Все дружно хлебали, постукивая ложками, когда Лермонтов встал с колен и придвинул свой стул к столу. «Что можно написать вот так, на ходу, – подумала Сушкова, – кроме мадригала или эпиграммы? Судя по его серьезности – первое... Уж не мне ли?» Она перестала жевать и выжидающе-лукаво посмотрела на Лермонтова. Да, он был очень серьезен. Стихи были написаны не для нее. Вообще ни для кого... И даже не для Наташи Ивановой, которая, как ему казалось, уж не встретит его с таким пониманием, как бывало. Сушкова облизнулась, положила ложку и развернула вдвое сложенный листок, оказавшийся у нее в руке.

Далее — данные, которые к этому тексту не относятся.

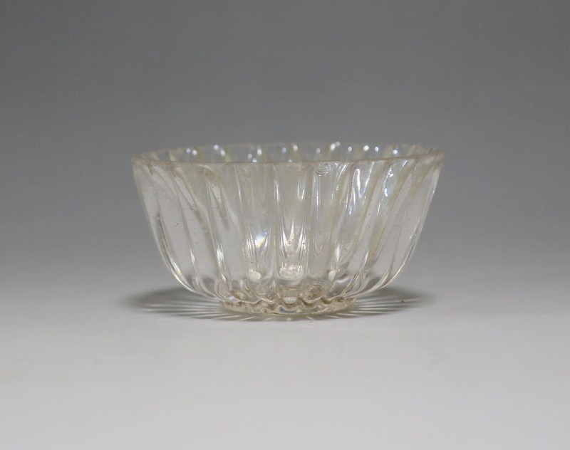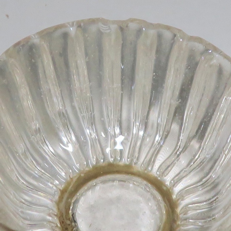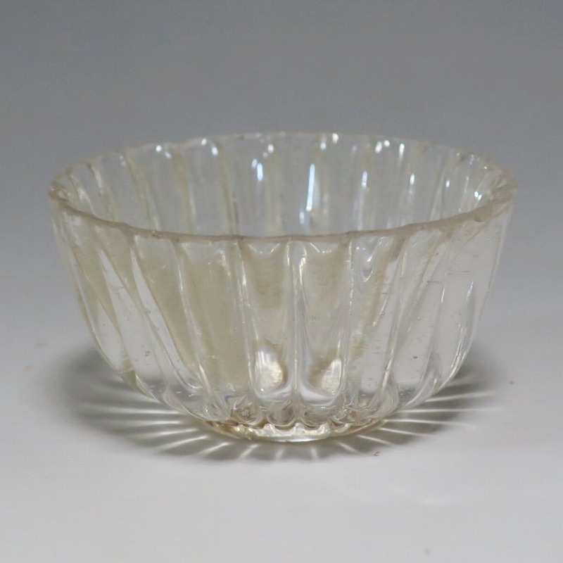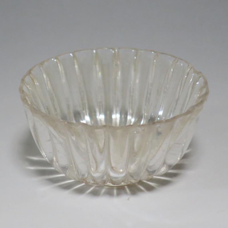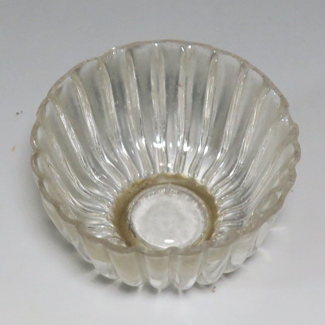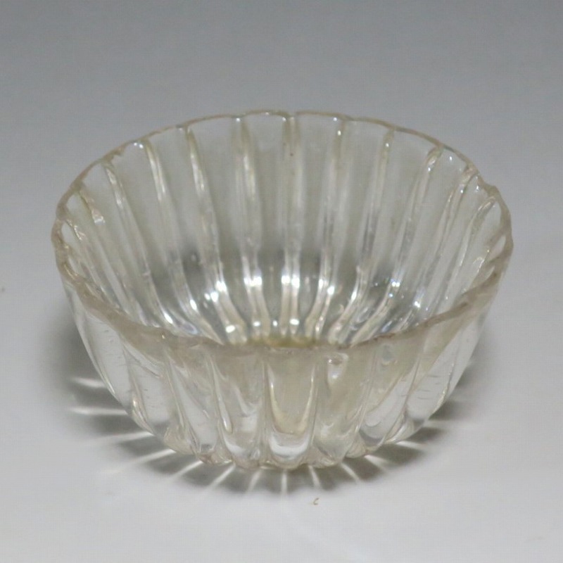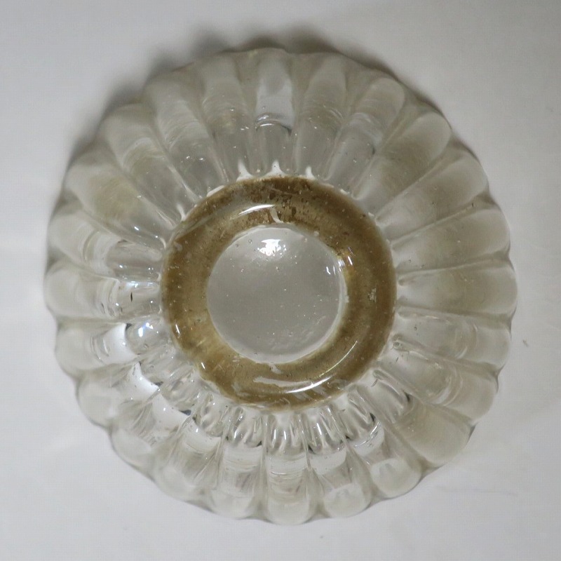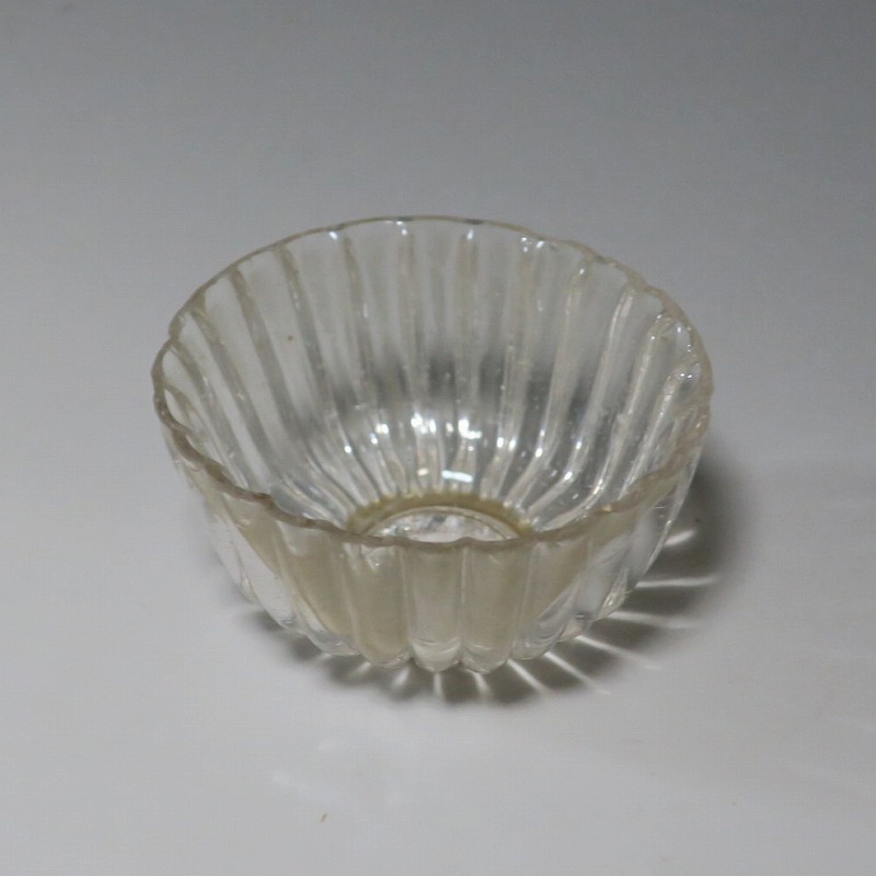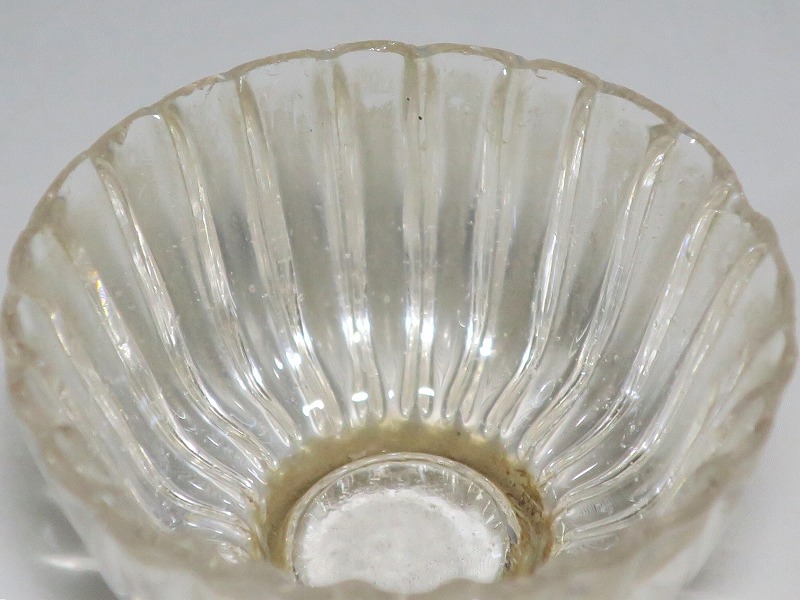 口径 約5.8cm/高さ 約3cm/高台径 約2.5cm 口辺に約5mmの欠けが2カ所、その他約1mm〜2mmのノミホツが複数あります。状態は写真でご確認ください。 日本でガラスの生産が始まったのは享保時代です。江戸の職人が蘭書などを参考に「びいどろ」と呼ばれるガラスを製作しました。江戸中期になるとガラス技術が発展、職人はかんざしや風鈴、万華鏡、金魚鉢など様々な商品を製作するようになります。本品は明治時代初期に製作された型吹きガラスの菊形盃。末尾に掲載した参考写真と同手の透明ガラスの作品です。手取りがずっしりと重く、弾くと金属的な音がします。日本酒器の盃としてお楽しみください。 | ||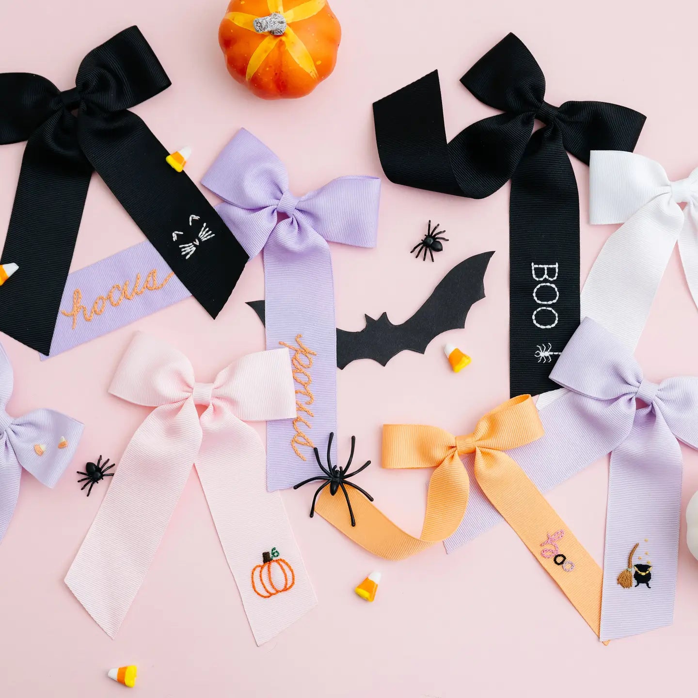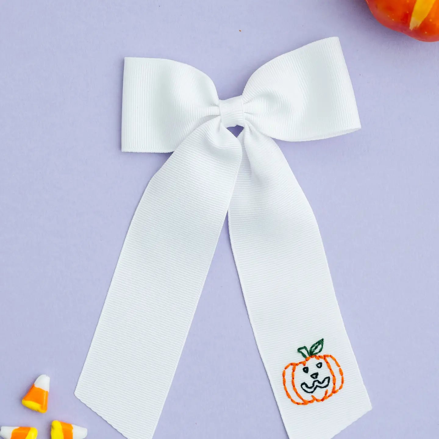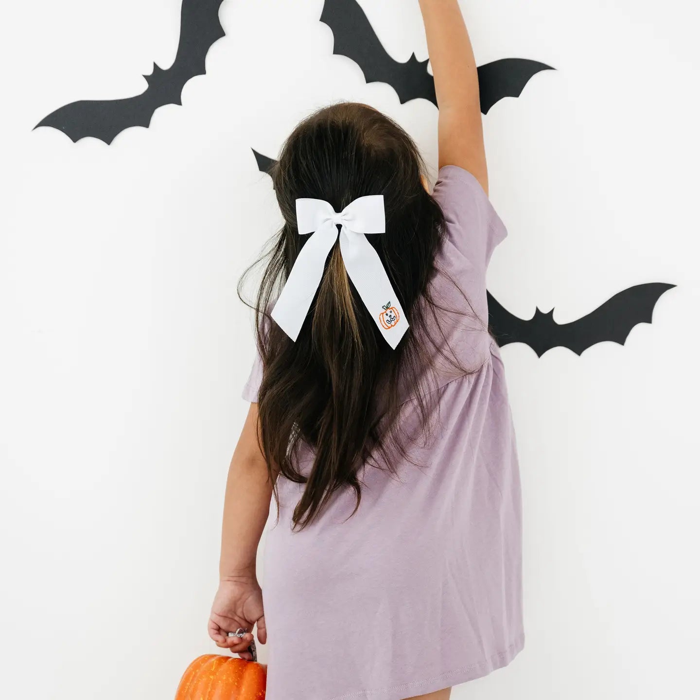 A tried and true Halloween bow! We offer this in sizes small, medium and large on white and pale pink.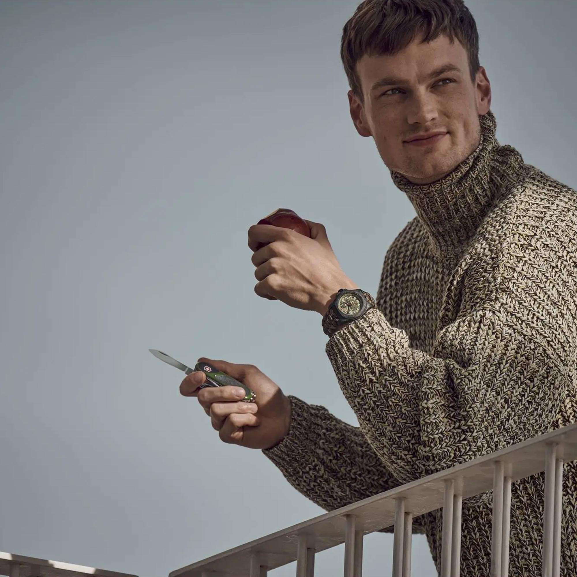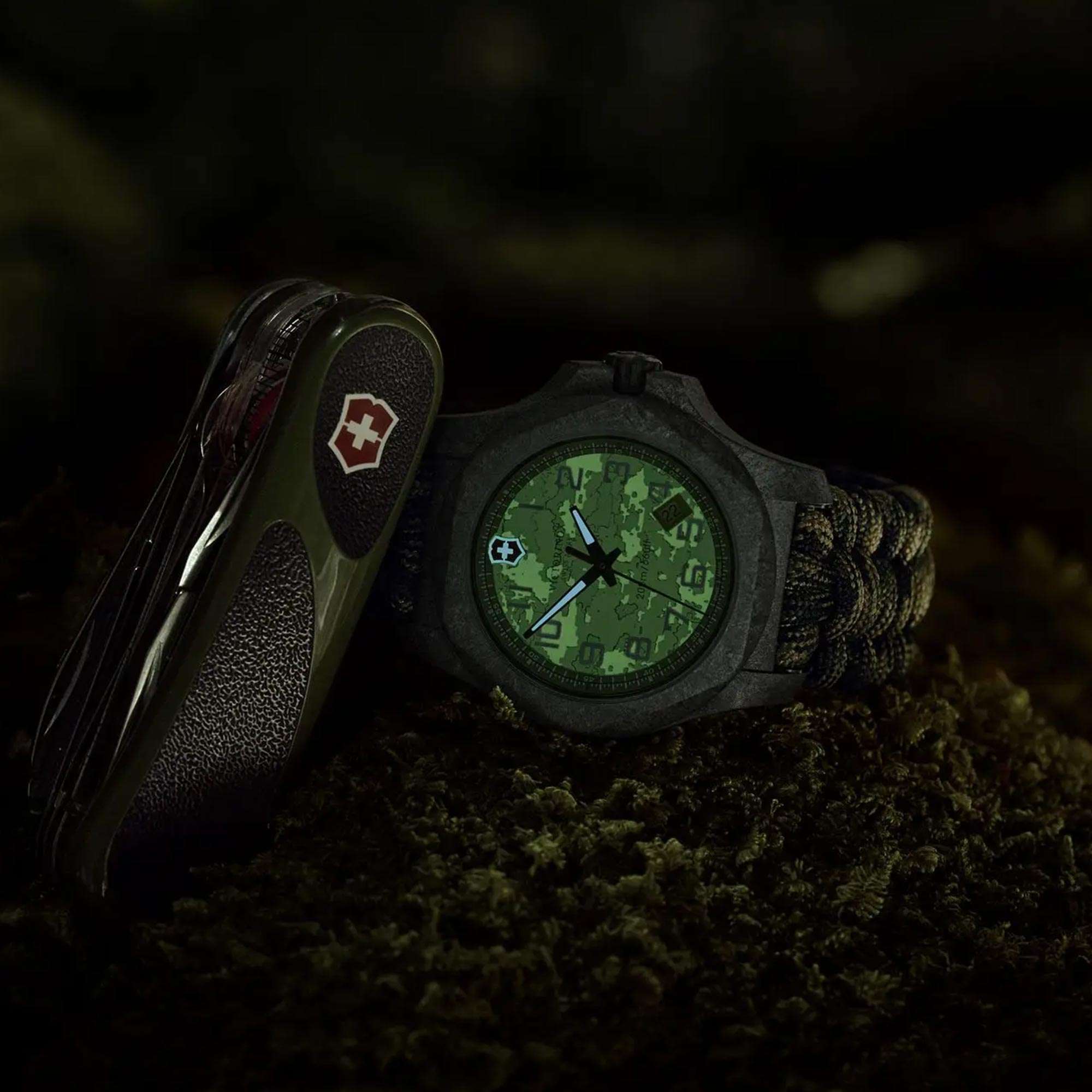 The dial of the Victorinox I.N.O.X. Carbon Limited Edition is a key element. Coming in a camouflage pattern that is green in colour, it is graced with highly legible numbers and a date window at five o’clock. The bright hands and numerals have SuperLuminova® luminescent technology for 24/7 readability and, as always, the iconic Victorinox logo at twelve brings depth and esteem.

– Прочти нам, – сказала Саша, не спрашивая Лермонтова, можно ли.

Катерина прочла:

 
У врат обители святой
Стоял просящий подаянья
Бедняк иссохший, чуть живой
От глада, жажды и страданья.
 
 
Куска лишь хлеба он просил,
И взор являл живую муку
И кто-то камень положил
В его протянутую руку.
 
 
Так я молил твоей любви
С слезами горькими, с тоскою;
Так чувства лучшие мои
Обмануты навек тобою!
 

Тут начался такой разговор, что Лермонтов пожалел о том, что отдал Сушковой стихи. Она без тени сомнения приняла их на свой счет, поджала губы и с покровительственным видом сказала:

– Благодарю вас, monsieur Michel, за ваше посвящение и поздравляю вас, с какой скоростью из самых ничтожных слов вы извлекаете милые экспромты, но не рассердитесь за совет: обдумывайте и обрабатывайте ваши стихи, и со временем те, которых вы воспоете, будут гордиться вами.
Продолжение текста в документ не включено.